お題:疲れた夕方 制限時間:15分 読者:19 人 文字数:562字

たゆまぬ日常※ほんのりBL風味
 外回りから戻り伝票を書き上げるとフロアに残っているのは営業仲間ばかりだった。明日の朝イチで処理してもらおうと、付箋をつけて営業アシスタントの机に書類を置いておく。
「お先ー」
「おー、おつー」
 気怠い挨拶を交わしスモーキングルームへと向かう。
「お疲れさん」
「どうも」
 先客がいた。
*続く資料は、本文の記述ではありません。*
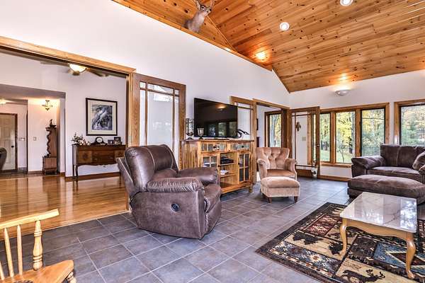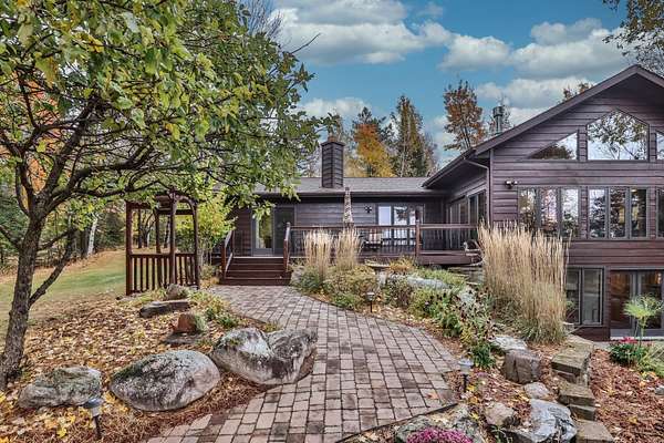 BEAUTIFUL HOME ON A FULL REC. LAKE WITH PRIVACY!!! This meticulously maintained, 3-bdrm, 4-bath home sits on 35.5 acres on Solberg Lake. The home features a main floor master suite, lakeside decks & patio, att.and det. garages, a wood burning fireplace, a large sunroom, beautiful landscaping, newly stained exterior, natural gas, a whole house generator highspeed internet, and much more. (See Unique Features list under Docs tab) The 35.5 acre parcel with 1000' of shoreline guarantees your privacy. The parcel is approx. half lake bed, and half high ground. (see maps). A great swimming area, a stream fed pond, groomed trails, a well manicured lawn, and 2 private islands are all included. Solberg is known for it's exceptional fishing, boating, and kayaking. This property is about 45 min. from Minocqua, and 60 min. from Hayward. Just a short drive from thousands of acres of Chequamegon Nicolet National forest. UTV, and snowmobile right from your front door.
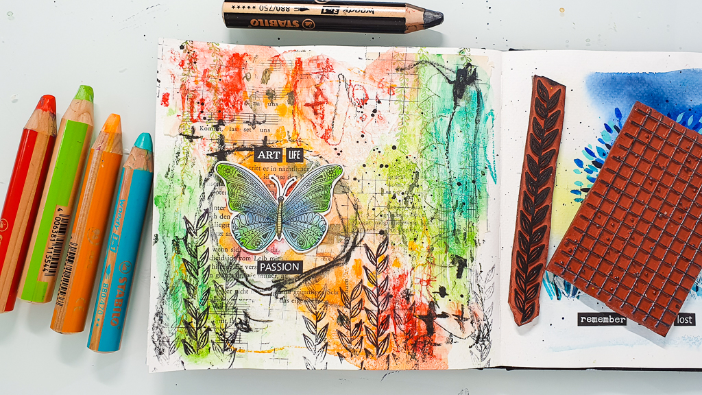 Today I have a new art journaling tutorial to share. It’s super easy and perfect for beginners. I played in my squar watercolor journal using Stabilo Woodys and collaging.
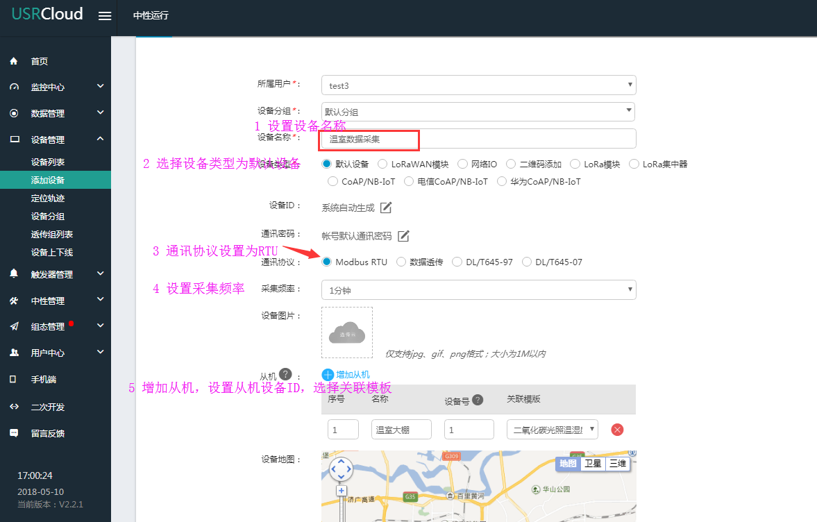 设备管理→添加设备→设备名称→通讯协议→采集频率→增加从机→保存
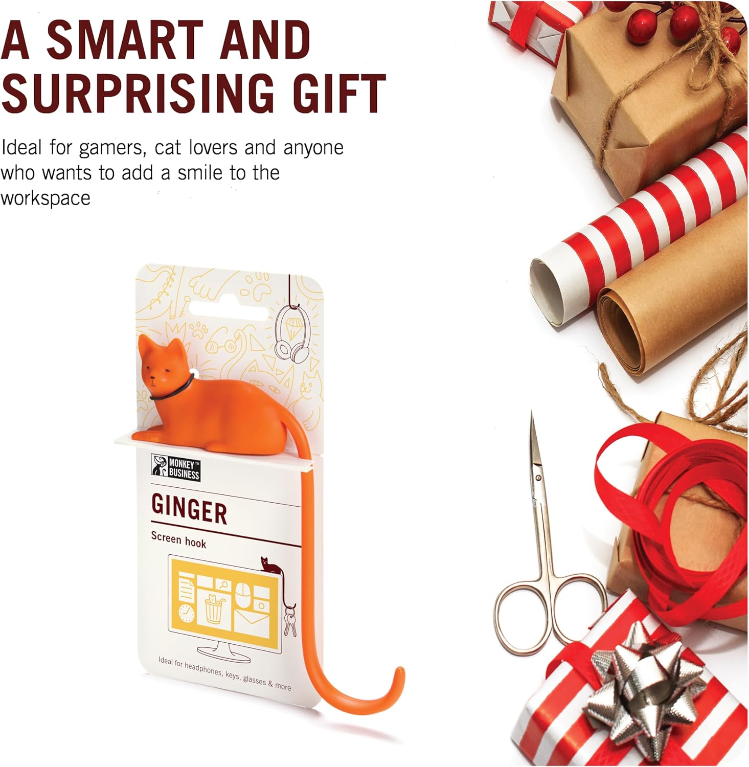 CAT'S GOT YOUR THINGS! - Tired of your keys, glasses, or headphones falling to the floor? The perfect accessory for a computer screen, if you need to keep your glasses safe and close by, or if you have an unruly keyboard cord you want to tame, Ginger the Cat just might be the answer!
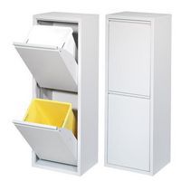 - Praktiska skåp för källsortering där vippluckorna öppnas på samma gång - med avskalad design som passar in i alla slags miljöer.
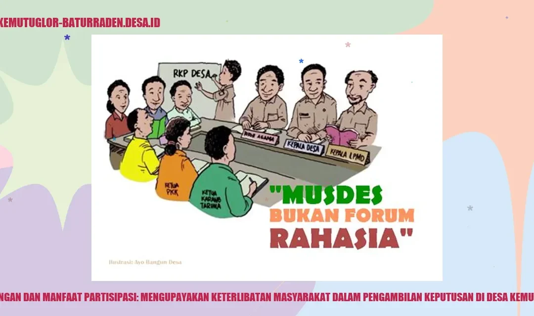 Partisipasi masyarakat dalam pengambilan keputusan di desa merupakan hal yang penting untuk memastikan pembangunan yang berkelanjutan dan inklusif. Di Desa Kemutug Lor, Banyumas, partisipasi masyarakat memiliki tantangan dan manfaat yang harus dihadapi. Dalam artikel ini, kami akan membahas tantangan dan manfaat partisipasi dalam pengambilan keputusan di desa tersebut.

二つ上の先輩だった。
「珍しいですね。いつも定時ダッシュなのに」
「嫁が子供連れて里帰りしてるからなあ」
「それはそれは……鬼の居ぬ間にってヤツですか?」
「ばあか」
 フィルターを噛んで笑う。その顔に疲れが見えた。
「いればいたでうるさいんだけどさあ、いないとこれが寂しい訳よ」
「そんなもんスか?」
 俺もタバコを振り出して銜えた。
「お前独り暮らしだっけ?」
「……いえ、友人とシェアを」
「だっけか。そーいやけっこういいとこ住んでたよな」
「まあ」
 火をつける。
「いいよなあ。独身貴族。野郎同志の共同生活なら気を使うこともないだろうし」
 ふうっとお互い煙を吐く。
「でもいてる人間がいないと寂しいだろ?」
 少し考えて頷いた。
「そーっスね」
 そんな話を交わして帰る。

 自分以外の靴が無造作に置かれた玄関。料理と洗剤の混じった雑多な香り。生活の匂い。
「ただいま」
「おかえりー」
 いつもと同じ光景にほっとした。